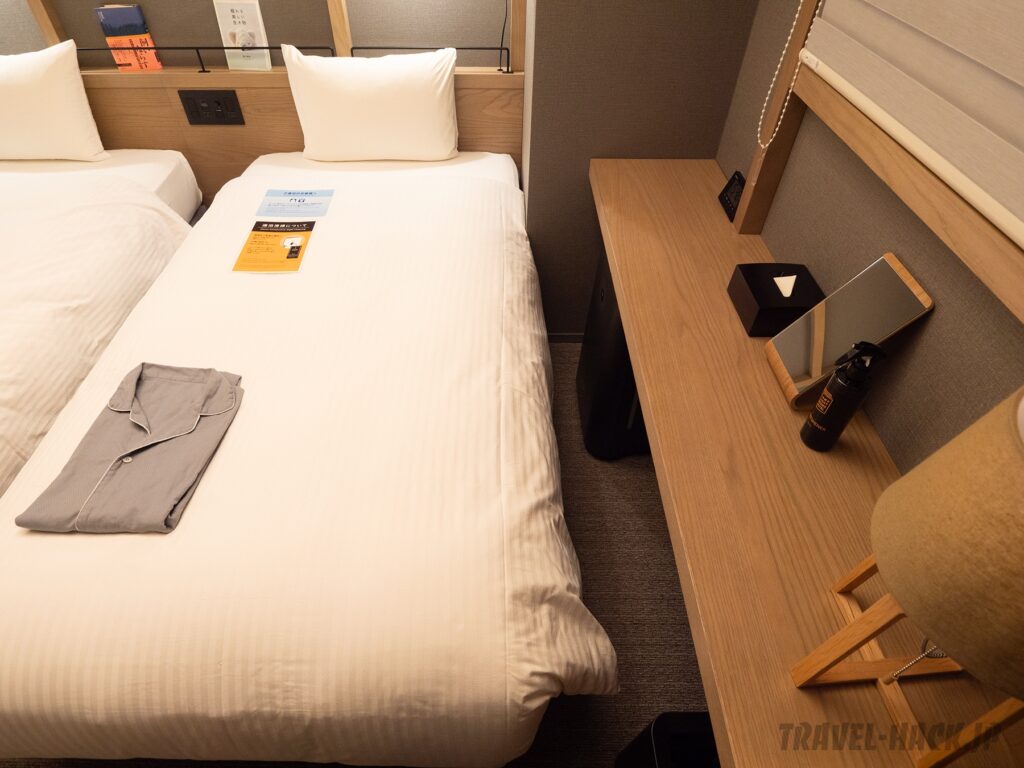 ランプライトブックスホテル札幌の「スタンダードツイン」は、15㎡の客室に洗い場付きバスルームを備えており、コンパクトながらも使いやすいレイアウトな客室でした。
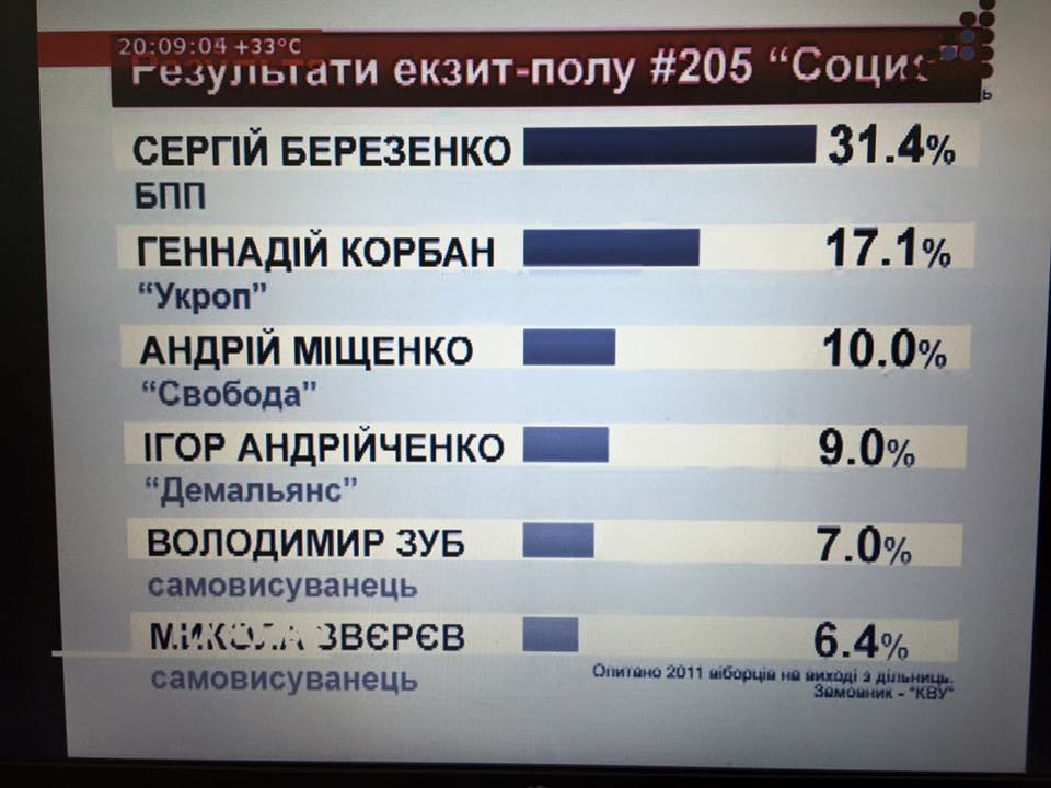 Cогласно данным экзит-полла, Березенко набрал 30,9% голосов, его основной противник от "Украинского объединения патриотов - УКРОП" Геннадий Корбан - 17,4%, "свободовец" Андрей Мищенко - 9,8%, Игорь Андрийченко (Демальянс) - 9,1%.
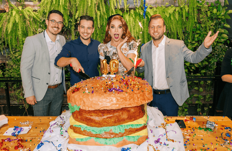 Ausgegeben wurden 111 Cheeseburger für die 111 ersten Kund:innen in 18 Lokalen des Unternehmens – in Summe wanderten so 2.000 Burger zur Feier des Tages über den Tresen. Auch prominente Unterstützung war zugegen. So schnitten im Flagship-Restaurant Drag Queen und Dancing Star Tamara Mascara, Le Burger-Gründer Thomas Tauber und sein Sohn Lukas die 100 Kilogramm schwere Burger-Torte an und halfen beim Verteilen der Gratis-Burger.
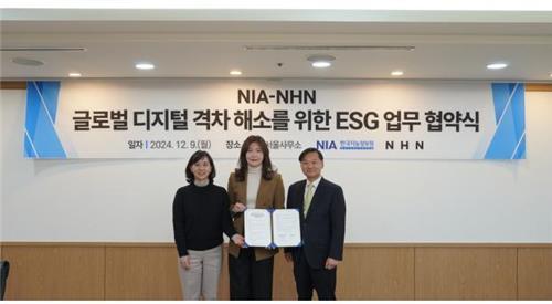 (조세금융신문=최주현 기자) 한국지능정보사회진흥원(NIA)은 9일 NHN[181710]과 '글로벌 디지털 격차 해소를 위한 ESG 업무 협약'을 맺어 NHN이 기증하는 PC·태블릿 등 기기를 개발 도상국에 전달한다고 밝혔다.
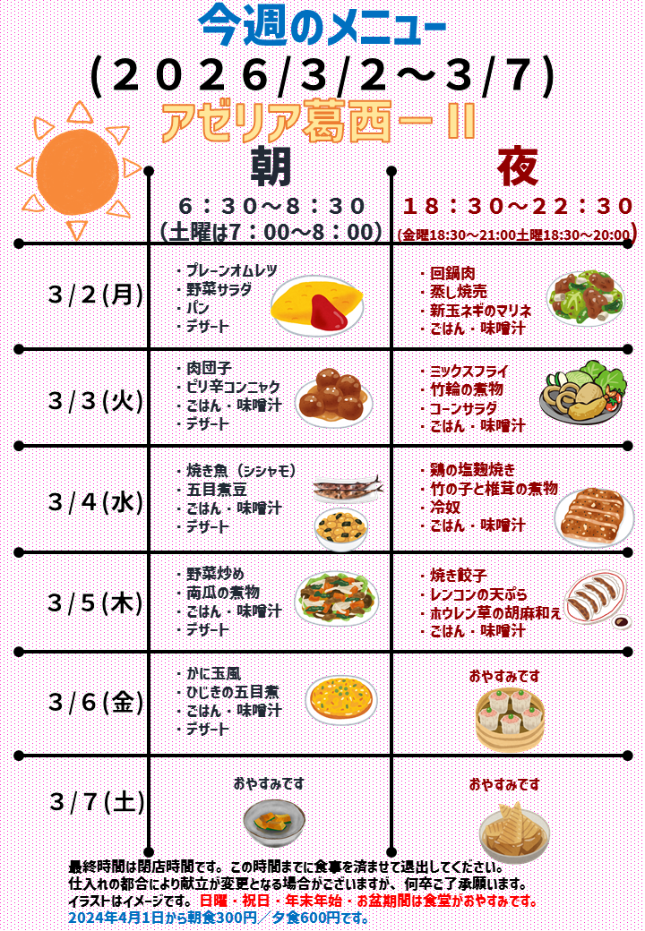 2026年3月2日~2026年3月7日のメニュー

=====

◆ **Activity**:
Exactly as written, reproduce the lines from the one containing "(조세금융신문=최주현 기자) 한국지능정보사회진흥원(NIA)은" through the last line of the entries above, and leave every picture out.

◆ **Your response**:
 (조세금융신문=최주현 기자) 한국지능정보사회진흥원(NIA)은 9일 NHN[181710]과 '글로벌 디지털 격차 해소를 위한 ESG 업무 협약'을 맺어 NHN이 기증하는 PC·태블릿 등 기기를 개발 도상국에 전달한다고 밝혔다.
 2026年3月2日~2026年3月7日のメニュー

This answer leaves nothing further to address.